Marseille's impact on Allied fighter pilots and their morale is unclear. Andrew Thomas quoted Pilot Officer Bert Houle of No. 213 Squadron RAF; "He was an extremely skilled pilot and a deadly shot. It was a helpless feeling to be continually bounced, and to do so little about it." Robert Tate, in contrast, is sceptical Allied pilots would have been familiar, asking, "How well was Marseille known to Desert Air Force (DAF) personnel in the Desert? Apparently not so well. Although there is a little indication that some Allied pilots may have heard of Marseille, this information did not readily make its way down to Allied Squadrons. Fanciful stories abound of how pilots knew of one another and hoped to duel with each other in the skies. This was more than likely not the case."

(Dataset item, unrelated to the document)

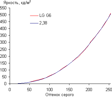 Контрастность (примерно в центре экрана) высокая — порядка 1390:1. Время отклика при переходе черный-белый-черный равно 18 мс (9 мс вкл. + 9 мс выкл.). Переход между полутонами серого 25% и 75% (по численному значению цвета) и обратно в сумме занимает 32 мс. Построенная по 32 точкам с равным интервалом по численному значению оттенка серого гамма-кривая не выявила завала ни в светах, ни в тенях. Показатель аппроксимирующей степенной функции равен 2,38, что немного выше стандартного значения 2,2. При этом реальная гамма-кривая чуть-чуть отклоняется от степенной зависимости:
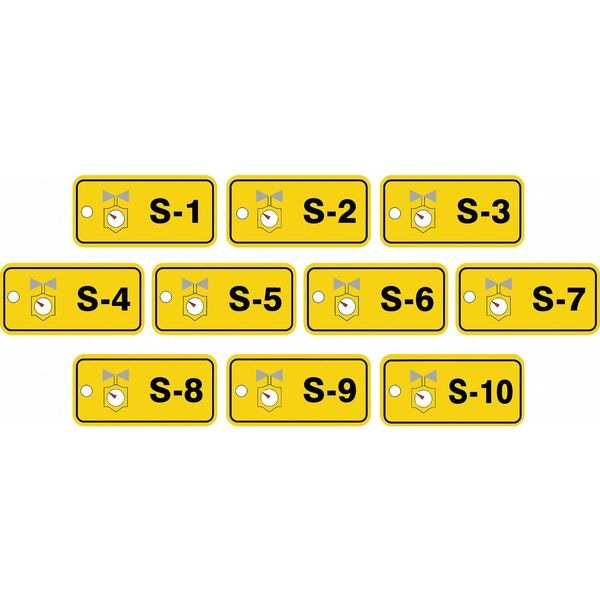 Energy Source ID Tag, Material Plastic, Legend S-(1 to 10), Height 1-1/2 In., Width 3 In., Withstand Pull Force 50 lb, Hole Size 3/16 In., Header No Header, Legend Color Black, Background Color Yellow, Legend Style Symbol and Text, Write on Surface No, Package Quantity 10

==In propaganda and popular culture==
Marseille appeared four times in the Deutsche Wochenschau, the German propaganda newsreel. The first time was on Wednesday 17 February 1942 when Adolf Galland, the General der Jagdflieger, visited an airport in the desert. The second time was on Wednesday 1 July 1942 when Marseille travelled to Rastenburg to receive the Knight's Cross of the Iron Cross with Oak Leaves and Swords from Adolf Hitler. The third time was on Wednesday 9 September 1942 announcing Marseille's 17 aerial victories from 1 September 1942 and that he had been awarded the Diamonds to his Knight's Cross. His last appearance was on 30 September 1942 showing Marseille visiting Erwin Rommel.

The press, from magazines to journals, featured Marseille prolifically during 1942. Der Adler used his image for a front cover on 7 and 14 July 1942. Marseille's death did not prohibit his inclusion in the Die Wehrmacht on 21 and 28 October 1942. Signal featured him on the cover in September 1942. Berliner Illustrierte Zeitung put him on their cover on 4 July 1942.

In 1957, a German film, Der Stern von Afrika (The Star of Africa) directed by Alfred Weidenmann, was made starring Joachim Hansen as Hans-Joachim Marseille. The movie was a fictionalised account of Marseille's wartime service.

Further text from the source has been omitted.